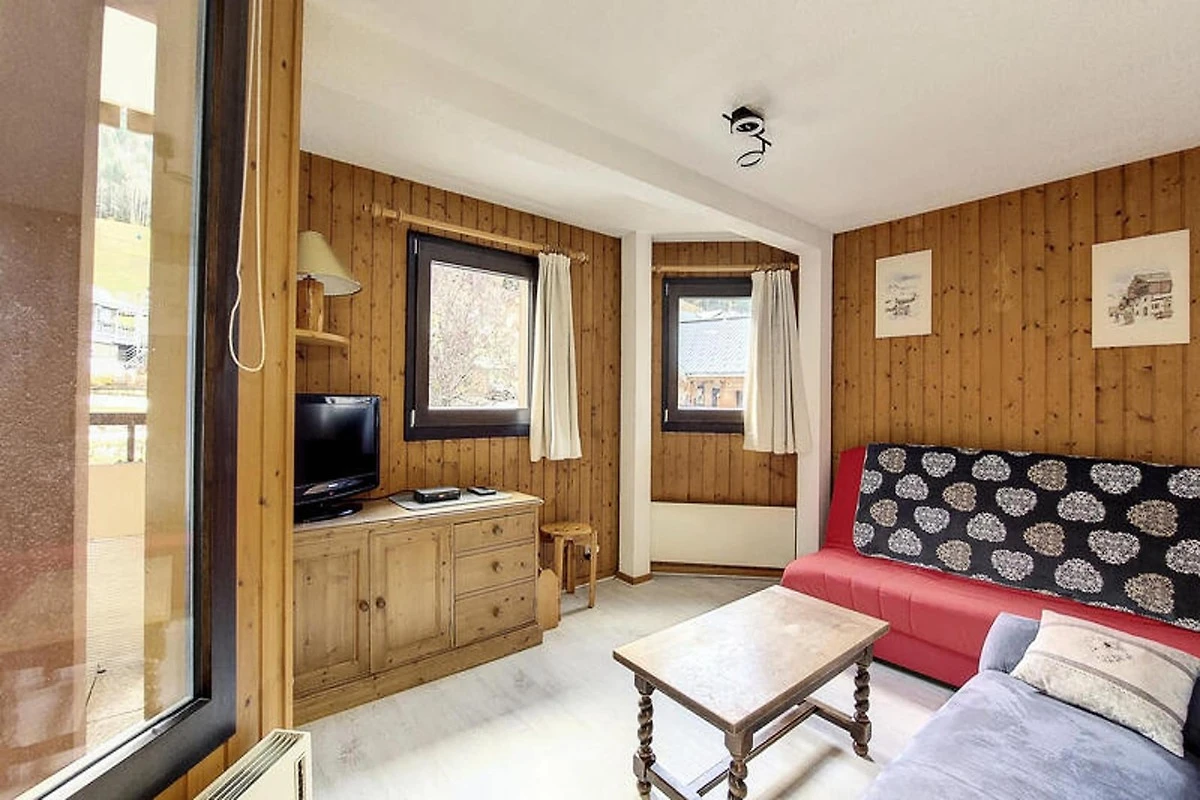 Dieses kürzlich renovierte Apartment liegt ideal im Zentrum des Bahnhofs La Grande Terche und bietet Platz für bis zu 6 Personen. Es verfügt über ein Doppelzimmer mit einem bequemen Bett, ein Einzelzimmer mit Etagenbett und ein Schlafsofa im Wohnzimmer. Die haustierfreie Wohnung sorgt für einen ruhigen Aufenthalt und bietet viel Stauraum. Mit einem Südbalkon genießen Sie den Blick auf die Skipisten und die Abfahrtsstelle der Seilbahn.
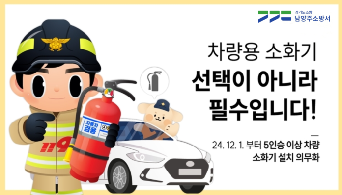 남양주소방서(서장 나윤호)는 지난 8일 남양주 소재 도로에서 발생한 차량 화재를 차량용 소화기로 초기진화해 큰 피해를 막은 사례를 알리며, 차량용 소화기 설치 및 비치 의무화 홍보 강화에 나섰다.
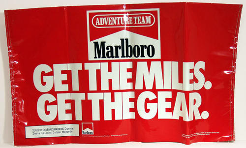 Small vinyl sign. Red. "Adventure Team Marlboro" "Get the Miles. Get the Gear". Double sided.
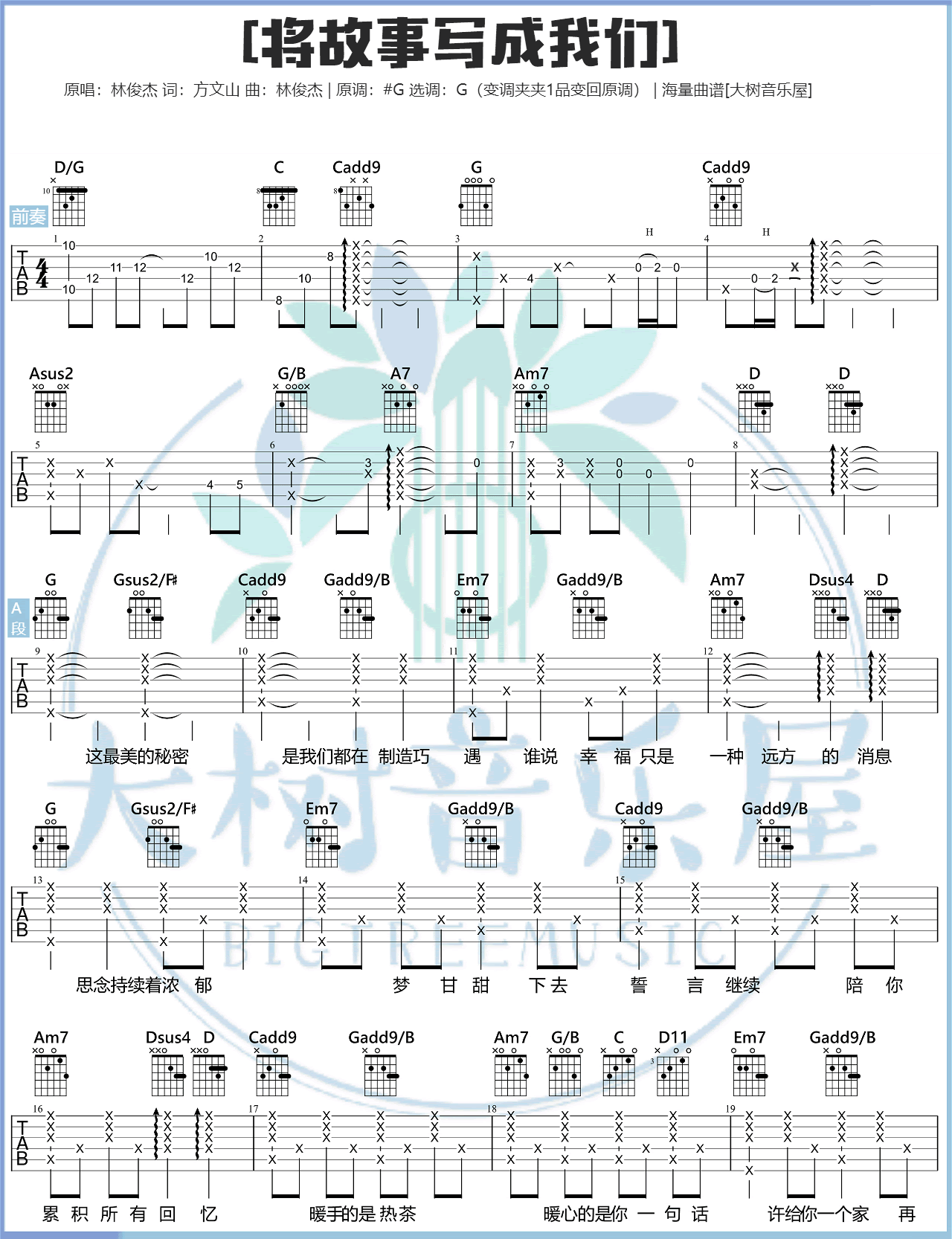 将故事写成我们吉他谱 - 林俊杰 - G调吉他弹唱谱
◇ ◇ ◇ ◇ ◇
| PROBLEM STATEMENT |
Give the lines from the one containing "남양주소방서(서장 나윤호)는 지난" through the last line of the material again, exactly and with no pictures, both ends included.

| REPLY TO THE EXERCISE |
 남양주소방서(서장 나윤호)는 지난 8일 남양주 소재 도로에서 발생한 차량 화재를 차량용 소화기로 초기진화해 큰 피해를 막은 사례를 알리며, 차량용 소화기 설치 및 비치 의무화 홍보 강화에 나섰다.
 Small vinyl sign. Red. "Adventure Team Marlboro" "Get the Miles. Get the Gear". Double sided.
 将故事写成我们吉他谱 - 林俊杰 - G调吉他弹唱谱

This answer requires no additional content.